Location
- Four Pools Lane Evesham, Worcestershire,, WR11 1BN England
- 52°05′02″N 1°56′19″W﻿ / ﻿52.0838°N 1.9386°W

Information
- Type: Special school; Academy
- Department for Education URN: 148347 Tables
- Ofsted: Reports
- Headteacher: Tina Partridge
- Gender: Coeducational
- Age: 3 to 19
- Enrolment: approx. 147
- SURN: SCO43049
- Website: https://valeofeveshamschool.org/

= Vale of Evesham School =

Vale of Evesham School in Evesham, in the county of Worcestershire, England, is a special education school for around 150 mixed gender pupils aged 3 to 19 of whom approximately 35 are in the 6th form. It caters for children with special educational needs and also accommodates 15 pupils as boarders on a weekly basis.

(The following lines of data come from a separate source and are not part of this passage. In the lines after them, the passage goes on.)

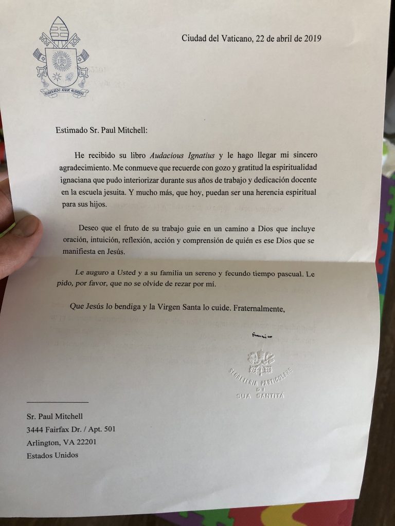 I have received your book Audacious Ignatius and I send to you my sincere gratitude. I am moved that you recall with gratitude and joy the experience of Ignatian spirituality that you were able to internalize during your years as a teacher in Jesuit education. And much more, now, that it will be a spiritual inheritance for your sons.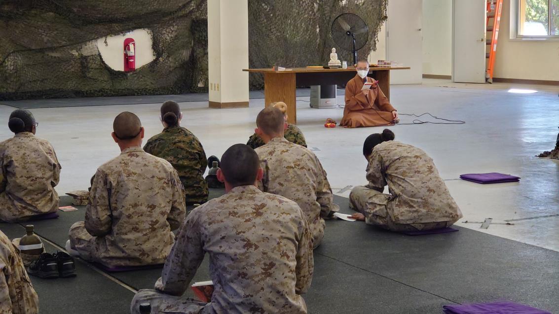 宗教時間海軍陸戰隊訓練基地周日上午的宗教時間,目前共 有11個宗教/宗派帶領共修,募兵可依自己相應宗教而選擇想去 參與的共修場所。在這11場所中,僅有一處由佛教帶領。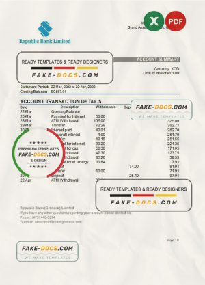 Grenada Republic bank statement Excel and PDF template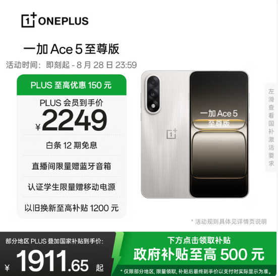 12G+256GB 版本补贴价只要1911元左右,512版本也2336元左右,各类网课 app 和大型游戏随便装。如果预算有限,又想兼顾游戏性能和校园日常实用,这款一加 Ace 5 至尊版是真的很合适。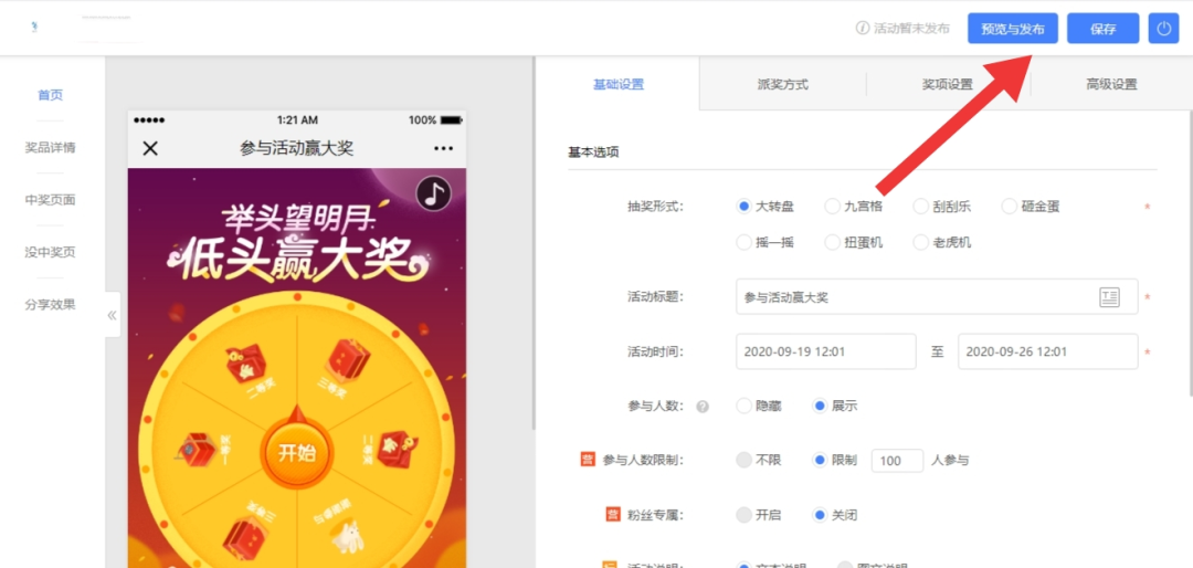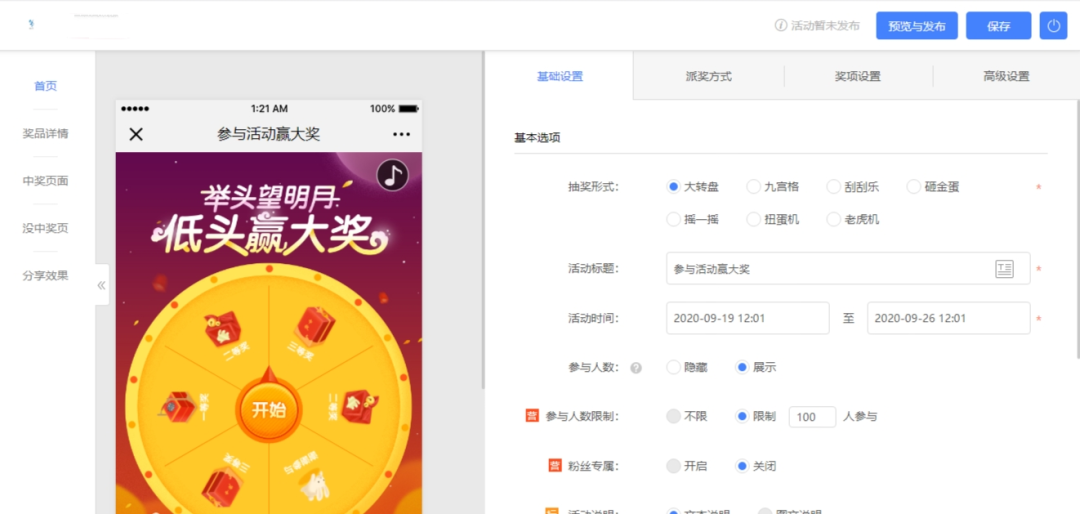 三、进入“基础设置”--设置(标题、活动时间、参与人数、参与人数限制(高)、活动及兑奖说明。)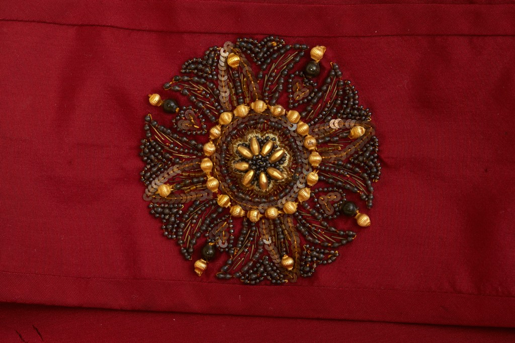 This dress belonged to Princess Natalie Paley. Her biographer, Jean-Noël-Liaut, stated that Paley’s social connections and influences in Europe, coupled with her dazzling presence in fashion magazines, made her a “goddess of the 1930s”. Her marriage to couturier Lucien Lelong from 1927 to 1937 added another interesting credential, beneath her status as a princess and her Romanov connection. Edward Steichen protégé George Hoyningen-Huene photographed Natalie for many projects in the following decades, from her fleeting turn as a 1930s film star to her time as client manager and face of fashion house Mainbocher in New York. The American fashion designer Main Rousseau Bocher (who designed under “Mainbocher”) served in intelligence during the First World War and stayed in Paris after the war, eventually growing a successful couture firm. He fled to New York City in 1939 as the Second World War loomed. Previously connected via the Parisian fashion industry circles of the 1920s and 1930s, Natalie Paley began working for Mainbocher in the fall of 1941, managing his exclusive cadre of clients and wearing his designs, both in the fashion press and at events. Paley’s second husband since 1937 Jack Wilson noted that she was “blissfully happy… Everyone she knows from Hollywood or New York or any place… flock into Mainbocher’s all day long”, and he added that she was a “vital essential”. She accompanied Mainbocher to Paris for a visit after the war, in 1947, and continued to be affiliated with the firm through the 1950s, earning her a spot on the International Best-Dressed List from 1947 to 1954. She kept her wardrobe from this partnership, as seen by her red silk evening gown.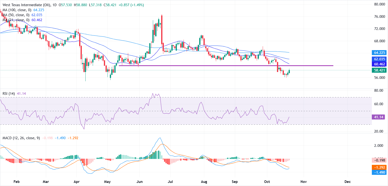 在撰写本文时,WTI 交易价格约為 58.43 美元每桶,日内上涨近 1.50%,因美元(USD)走软為价格提供了额外支持。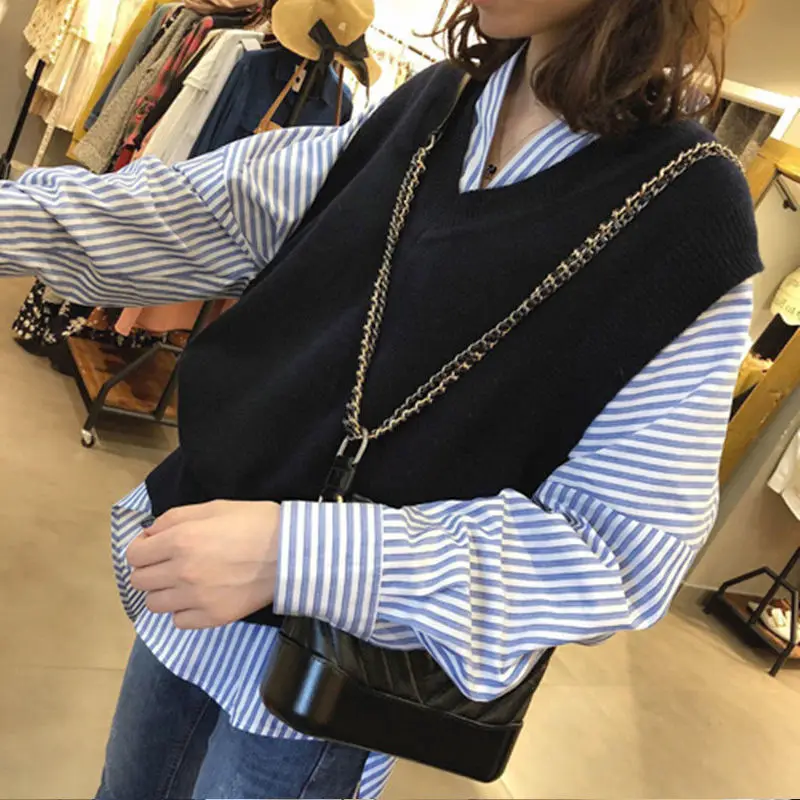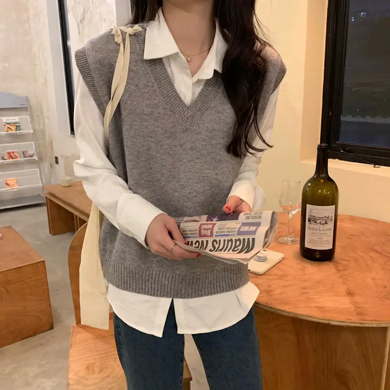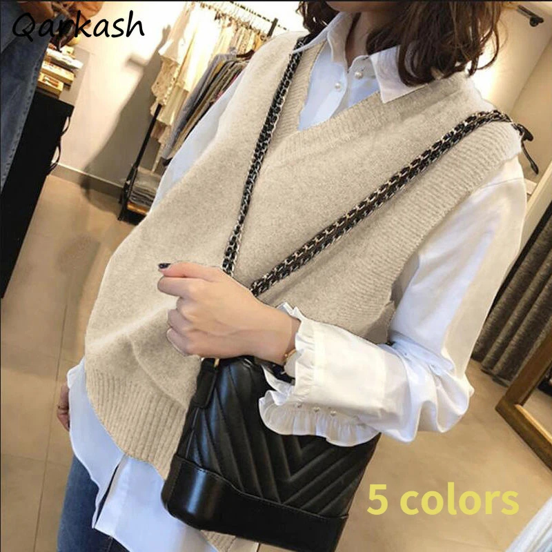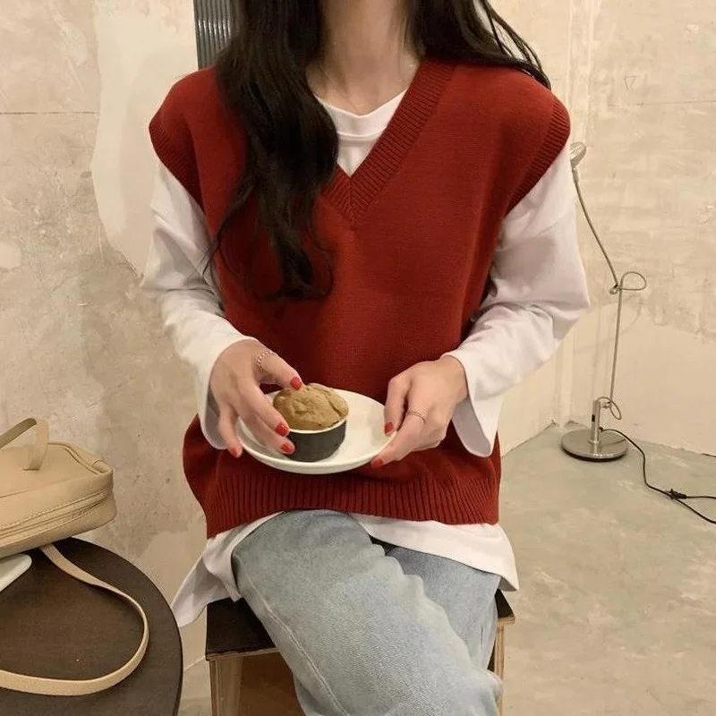 Свитер-жилет женский весенний однотонный базовый минималистичный с разрезом в японском стиле классический универсальный свободный уютный Лидер продаж для студенток женский новый

Pupils follow a curriculum based on National Curriculum core subjects together with activities that offer education for pupils having special moderate to severe learning difficulties that include a wide range of disabilities from autism, behavioural, emotional and social problems. The school was granted specialist status for cognition and learning and awards include Investors in People, Careers Education and Guidance Quality Mark, ArtsMark, Eco School and the Healthy School Award. The school converted to academy status in April 2013.

A December 2009 Ofsted report classed the school with a Grade 2 (good), with several points at Grade 1 (outstanding).

In November 2019 Ofsted report classed the school as Inadequate listing "serious, widespread failings in safeguarding children" finding staff members employed with criminal records unbeknown to senior leaders, students accessing and administering medication unaccompanied, and defective fire doors and lack of regular risk assessments.